1. This special appeal against the judgment of our brother Beg, J., arises out of a suit which was filed by the present appellants, Lachhmi Niwas Rice Mills, against Ram Deo Ram Niwas who are respondents in this appeal, for the recovery of Rs. 820/-as damages for breach of contract under circumstances given below.
2. The appellants deal in grains at Tikonia in district Kheri, while the respondents deal in grains at Colonelganj in district Gonda. Under an agreement, which according to the appellants, evidenced a completed sale, and according to the respondents, amounted to only an agreement of sale, the parties entered into a transaction for the sale of 600 maunds of broken rice 'Bilty-cut' at Rs. 14/8 per maund on 2nd August, 1953. The appellants agreed to sell the aforesaid quantity of rice 'Bilty-cut', which means he undertook to bag the goods and book the consignment and deliver the railway receipt for the same to the respondents, whose representative, Ashrafi Lal, paid Rs. 500/- in cash on the spot, and undertook to pay Rs. 500/- on return to Colonelganj. The balance of the price was to be paid on the delivery of the railway receipt. Ashrafi Lal got the goods weighed and stocked in the godowns of the appellants on 3rd August. The goods were to be despatched by the appellants on the wagon being available, the relevant part of the agreement providing 'gari milne se lad javega'.
3. The appellants applied for the wagons being allotted to them for despatch of these goods, but the wagons being in short supply, none could be allotted within the month. The appellants, therefore, wrote to the respondents on 20th August, 1953, that there was likely to be delay in the despatch of the goods as availability of the wagons was not in their hand, and suggesting that if the respondents agreed to the goods being despatched in an open wagon, the same could be arranged immediately. The appellants, however, pointed out that in that case the respondents will have to make arrangement for a tarpaulin for covering the goods and also for a man to accompany the wagon so as to guard against pilferage.
The respondents wrote back on 25th August, that it was the appellant's responsibility for booking the goods and that even if the goods were to be booked in an open wagon, all consequent additional charges will have to be paid by them. The respondents further intimated to the appellants that unless the railway receipt was received by them within eight days of the despatch of the letter, i.e., by 3rd September, 1953, latest the appellants would be deemed to have committed breach of the contract and be liable to pay Rs. 1,000/- as damages.

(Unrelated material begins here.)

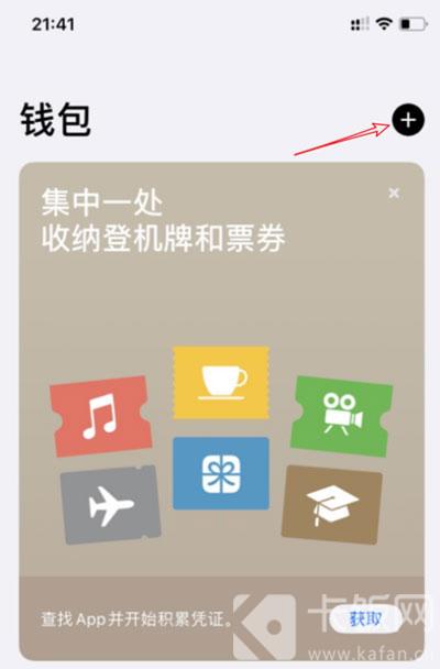 1、打开IPhone手机中的【钱包】app,在右上角点击【+】按钮;

4. The appellants' contention was that thoughthe responsibility for booking the goods was theirs, they could not be held responsible for delay in the despatch of goods on account of the non-availability of the wagons, and that all what they could do was to send the consignment by the other alternative mode, namely, by an open wagon if it was acceptable to the respondents, and if the respondents were also agreeable to bear necessary additional expenses in connection with it which they were not.
5. The appellants alleged that there was fall in the price of the broken rice and the quantity of goods purchased by the respondents had to be sold by them at a loss of Rs. 1320/-. The respondents already having deposited Rs. 500/- in advance, the appellants claimed the balance, namely, Rs. 820/-by way of damages.

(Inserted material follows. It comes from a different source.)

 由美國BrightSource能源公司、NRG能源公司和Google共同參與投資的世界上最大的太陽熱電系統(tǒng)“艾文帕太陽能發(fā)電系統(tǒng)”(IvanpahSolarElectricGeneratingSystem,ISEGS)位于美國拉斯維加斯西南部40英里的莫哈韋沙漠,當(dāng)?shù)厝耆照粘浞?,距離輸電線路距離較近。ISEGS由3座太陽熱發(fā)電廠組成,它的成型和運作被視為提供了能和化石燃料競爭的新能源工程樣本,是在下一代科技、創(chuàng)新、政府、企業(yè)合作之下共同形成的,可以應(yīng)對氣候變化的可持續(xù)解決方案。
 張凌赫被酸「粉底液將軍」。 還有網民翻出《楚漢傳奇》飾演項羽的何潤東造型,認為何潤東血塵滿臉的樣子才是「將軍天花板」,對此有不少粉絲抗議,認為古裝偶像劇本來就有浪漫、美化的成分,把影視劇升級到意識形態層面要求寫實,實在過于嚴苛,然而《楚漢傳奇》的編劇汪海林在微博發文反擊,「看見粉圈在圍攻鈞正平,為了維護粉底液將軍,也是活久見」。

6. It was contended on behalf of the appellants in the lower courts as also before the learned single Judge that there was a completed contract of sale between the parties and the goods had, in fact, been delivered to the respondents when they were weighed at the instance of Asharfi Lal. But this contention was not accepted by the lower courts or by the learned single Judge and it has been held that there was only an agreement of sale between the parties and it has also been held that the breach in the performance of that agreement was committed by the appellants. It was on account of that finding, that the suit was dismissed by the trial Court and the appeal filed by the appellants dismissed by the first appellate Court as also by the learned single-Judge.

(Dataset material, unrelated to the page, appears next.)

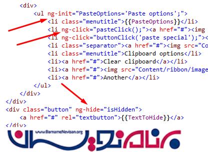 اضافه کردن ویژگی های AngularJs در یک صفحه HTML مانند تصویر زیر میباشد.

7. Reference was made by the appellants to Sections 20, 22 and 23 of the Sale of Goods Act. It was pointed out that under Section 20 where there is an unconditional contract for the sale of goods in a deliverable state, the property in the goods passes to the buyer when the contract is made, and it is immaterial whether the time of payment of the price or the tune of delivery of goods, or both, is postponed.
It was urged that the contract for the sale of broken rice was an unconditional contract for the sale of specific goods in a deliverable state and the property in the goods passed to the buyers when the contract was made, i.e., on 2nd August, 1953, or on 3rd August, 1953, when the goods were weighed and stocked in the godowns of the sellers. Section 22 of the Sale of Goods Act, it was pointed out, did not apply to the facts of the case, as under that section the passing of the property in the goods is postponed only when the seller is bound to weigh, measure, test or do some other act or thing with reference to the case for the purpose of ascertaining the price and that nothing of the kind had to be done in the case.
Even Section 23, it was urged, did not apply to the facts of this case as the contract was for the sale of present ascertained goods and not unascertained or future goods. As was, however, pointed out by the learned Counsel appearing for the respondents, it is Section 21 which applies to the facts of this case. There was undoubtedly an unconditional contract for the sale of specific goods, but the sale was 'Bilty-cut' and the sellers were consequently bound to do something to the goods for the purpose of putting them into a deliverable state.
The expression 'Bilty-cut' was the subject of some discussion during the hearing of this appeal and reference in that connection was made to Firm Seth Hajarimal v. Gulabchand Udechand Firm, AIR 1956 Nag 118 and Nathmal v. Ganga Vishnu, AIR 1952 Vind Pra 62. The suggestion was that where the parties enter into a 'Bilty-cut' transaction, the intention is only to fix the rate for the sale of goods as including all charges up to the booking of the goods excluding, of course, the railway freight. That is one aspect of a 'Bilty-cut' transaction and it was this aspect, which was referred to in AIR 1956 Nag 118 (supra). It was pointed out by Deo, J. that the expression 'Bilti-cut' refers to the rate agreed and that a 'Bilty-cut' rate included the cost of bagging or containers, weighing, transport to the railway station, loading in wagons, if this is to be done by the consignor, and other station charges tilt the 'billy' is issued. In AIR 1952 Vind Pra 62 (supra), also it was pointed out that a 'Bilty-cut' rate is higher than the normal market rate and is meant 'with the way bill made out.' This is, however, only one aspect of a 'Bilty-cut' transaction.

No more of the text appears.